Teams of scientists from around the world have been working on a way to produce spray-on solar cells for some time now. Recently, a team from the University of Toronto Faculty of Applied Science & Engineering has moved to the forefront of the race due to their latest breakthrough involving a new method for spraying solar cells onto flexible surfaces.
The prototype applies colloidal quantum dots via spray. These dots are a type of nanotechnology material that are light-sensitive.
This from Gizmag:
In such spray on solar cells, quantum dots would act as the absorbing photovoltaic material. Because they have a band gap that can be tuned by altering the size of their nanoparticles, they can be made to soak up different parts of the solar spectrum. This could prove particularly valuable if they were to be used in multi-junction solar cells, where dots small and large could sit alongside each other to widen the cells’ energy harvesting potential.

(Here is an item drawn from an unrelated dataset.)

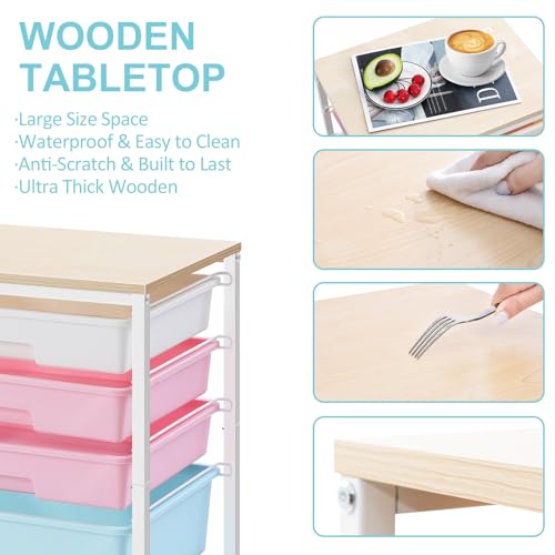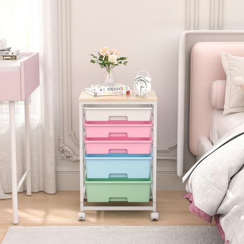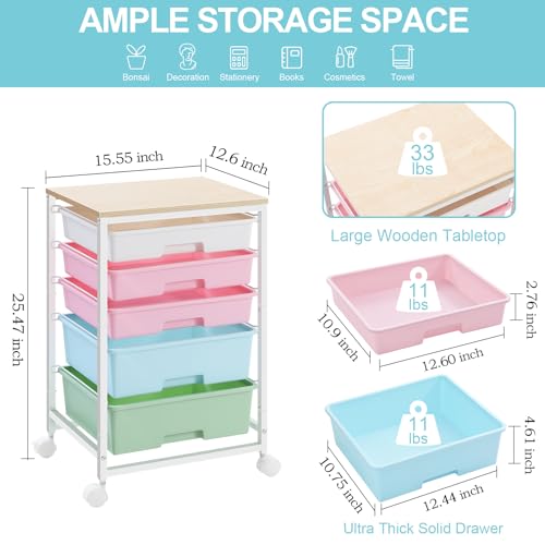 Utility Cart with 5 Drawers,Storage Drawer Cart with Wooden Tabletop and Lockable Wheels,Craft Storage Trolley Cart,5-Tier Rolling Utility Cart on Wheels,Rainbow

If this technology proves to be successful, it could help produce a less expensive way to turn curved surfaces into solar panels. Essentially, the spray could be used to coat all kinds of objects – from laptops to aircraft wings. According to the University of Toronto, coating the surface of a car roof would produce enough power for three 100-Watt light bulbs or 24 compact fluorescents.
“My dream is that one day you’ll have two technicians with Ghostbusters backpacks come to your house and spray your roof,” says Illan Kramer, a post-doctoral fellow with the Ted Sargent group in The Edward S. Rogers Sr. Department of Electrical & Computer Engineering at the University of Toronto, and IBM Canada’s Research and Development Centre.